The conclusion of all this flurry was that lower TC, or lowering elevated TC levels reduces both individual and population risk of CHD, that the colon cancer link to low TC was not confirmed, and that the excess mortality with low TC is attenuated by time and thus due in part to preexisting disease. The unexplained residual required more exploration of causes versus confounding.

Nevertheless, TC lowering remains the population goal in high-risk societies, whereas individuals therein having “low TC” are advised not to seek further TC lowering. The dramatic issue died with a whimper and a shrug. (Henry Blackburn)

References

Blackburn, H, DR Jacobs, Jr. 1989. The ongoing natural experiment of cardiovascular diseases in Japan. Circulation. 79: 718.

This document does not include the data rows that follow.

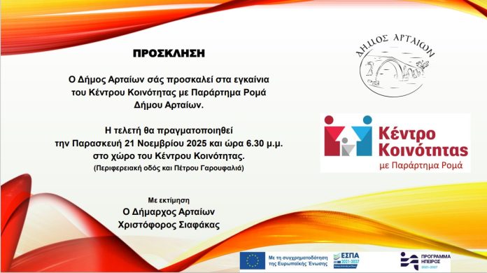Ο Δήμος Αρταίων ανακοινώνει ότι τα εγκαίνια του Διευρυμένου Κέντρου Κοινότητας με Παράρτημα Ρομά θα πραγματοποιηθούν την Παρασκευή 21 Νοεμβρίου και ώρα 6:30 μμ στις εγκαταστάσεις του Κέντρου, στη συμβολή των οδών Περιφερειακής Οδού και Πέτρου Γαρουφαλιά (πρώην κτήριο της Alpha Bank).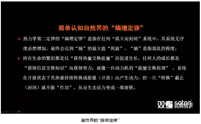 “熵增定(dìng)律”意指在任何“孤立而封閉”係統(tǒng)中,其係統無序度必然增加,最終會達(dá)到“熵”的最大值“死寂”。任(rèn)何一個人,任何一個(gè)組織(zhī),乃至於(yú)任何一個家庭,如果你把自己封閉起來,你的內部(bù)一定是從有序到無序。如果你繼續(xù)封閉,它的混(hún)亂程度(dù)一定會(huì)達(dá)到(dào)最大值,一直到死寂。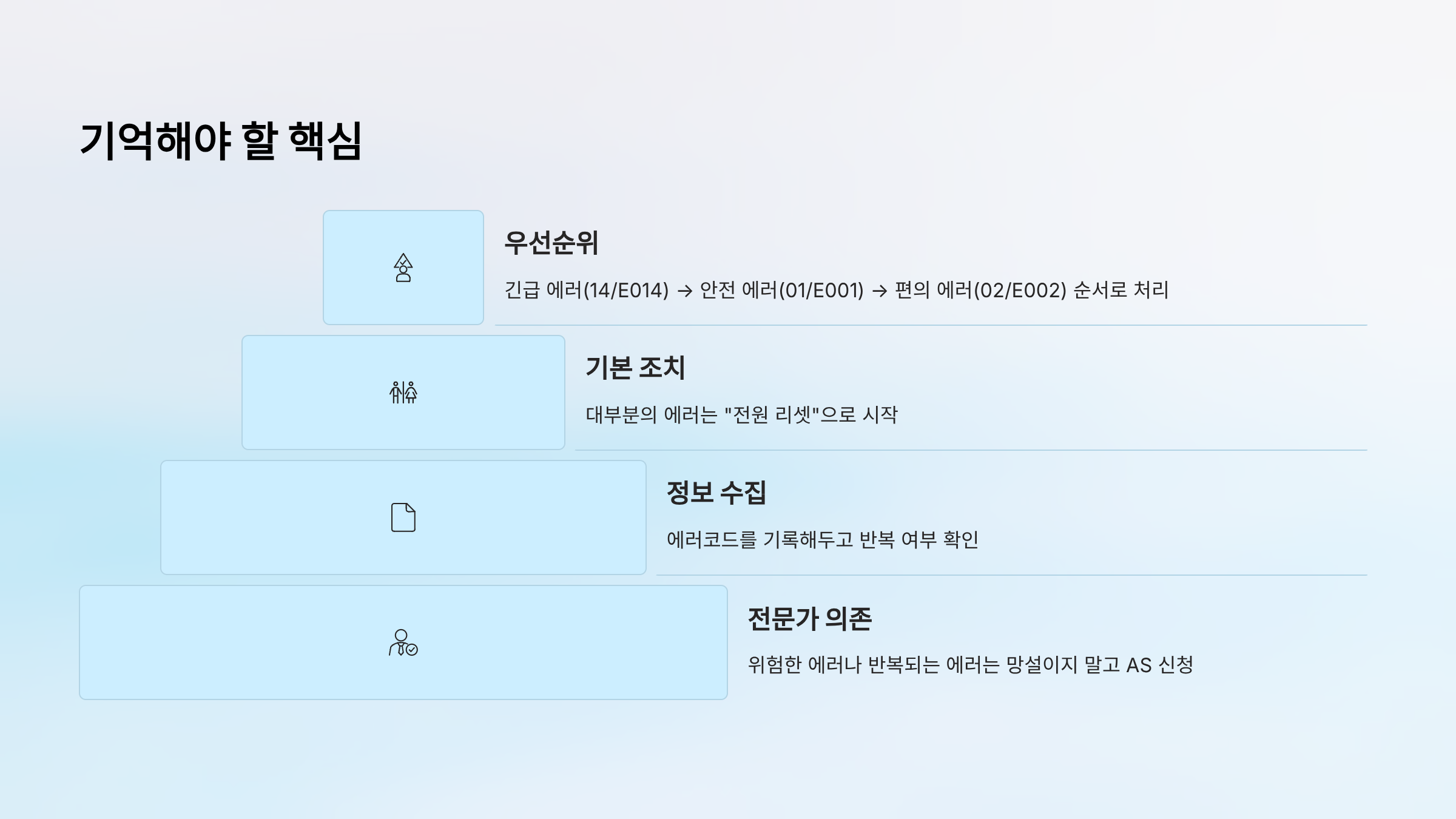 - 전문가 의존: 위험한 에러나 반복되는 에러는 망설이지 말고 AS 신청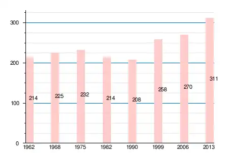Население коммуны в 2011 году составляло 312 человек[6], в 2012 году — 312 человек[7], а в 2013-м — 311 человек[5].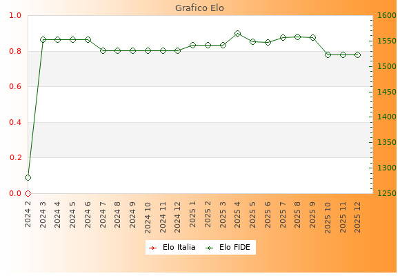 Elo FIDE: 1697    Migliore: 1724  (Novembre 2025)    Peggiore: 1551  (Novembre 2024)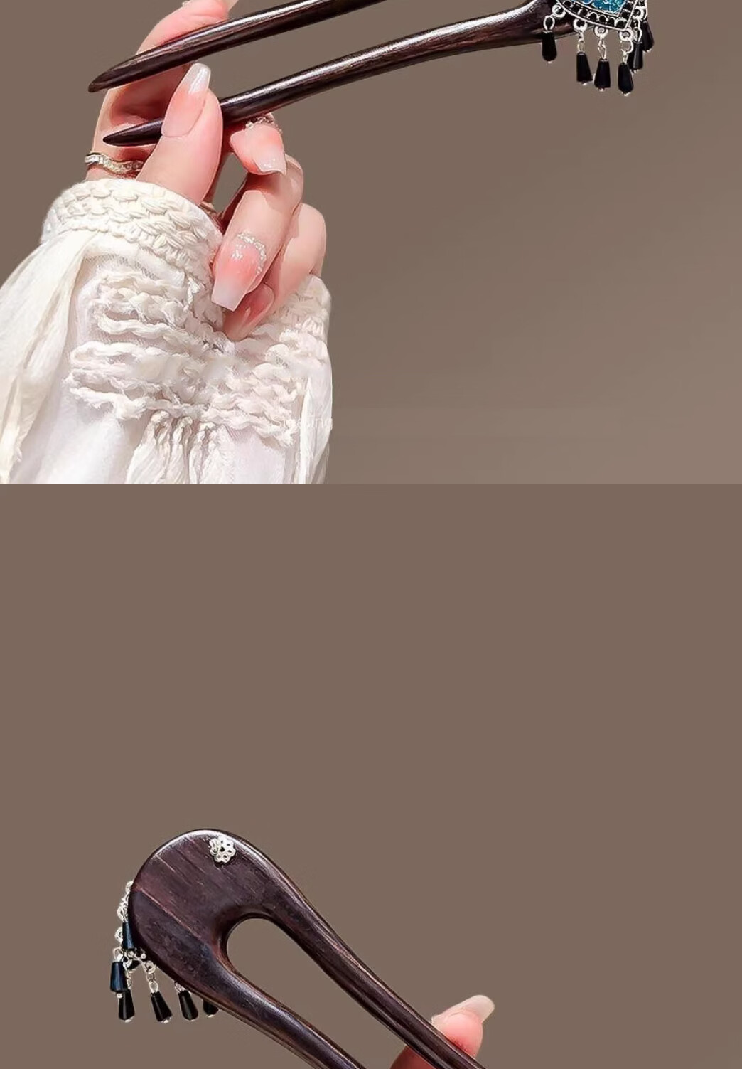 He Jiagong Lingcui Breeze Point New Chinese Style Flower Tassel Double-insert Hairpin Women's National Style U-shaped Hairpin Step Shake Lover Exquisite Gift Box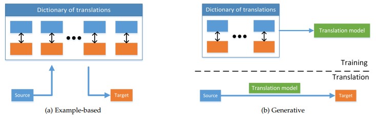 - 两种算法:基于检索的方法,基于组合的方法,前者直接使用搜索到的转化结果,不会修改它们,后者依赖于更复杂的规则,基于大量搜索到的实例建立模态转化结果
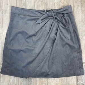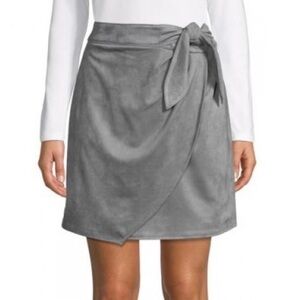 NWT H Halston Grey Faux Suede Wrap Mini Skirt L

Blackburn, H, DR Jacobs, Jr. 1994. The implications of J- and U-shaped associations of risk with serum cholesterol level. Pages 63-72; In, Filer, LF, Jr., RM Lauer, and RV Luepker (Eds) Prevention of Atherosclerosis and Hypertension Beginning in Youth. Philadelphia: Lea and Febiger.

Feinleib, M: 1982. Summary of a workshop on cholesterol and non-cardiovascular disease mortality. Prev. Med. 11: 360.

Komachi, Y et al. 1971. Geographic and occupational comparisons of risk factors in cardiovascular disese in Japan. Jpn. Circ. J. 35: 189.

Kimura, N et al. 1977. Fifteen year follow-up population survey on cerebrovascular disease in rural Japan. Jpn. J.Med. 16: 142.

Iso, H. et al. 1989. Serum cholesterol levels and six-year mortality from stroke in 350,997 men screened for the Multiple Risk Factor Intervention Trial. N.Engl. J.Med. 320: 904.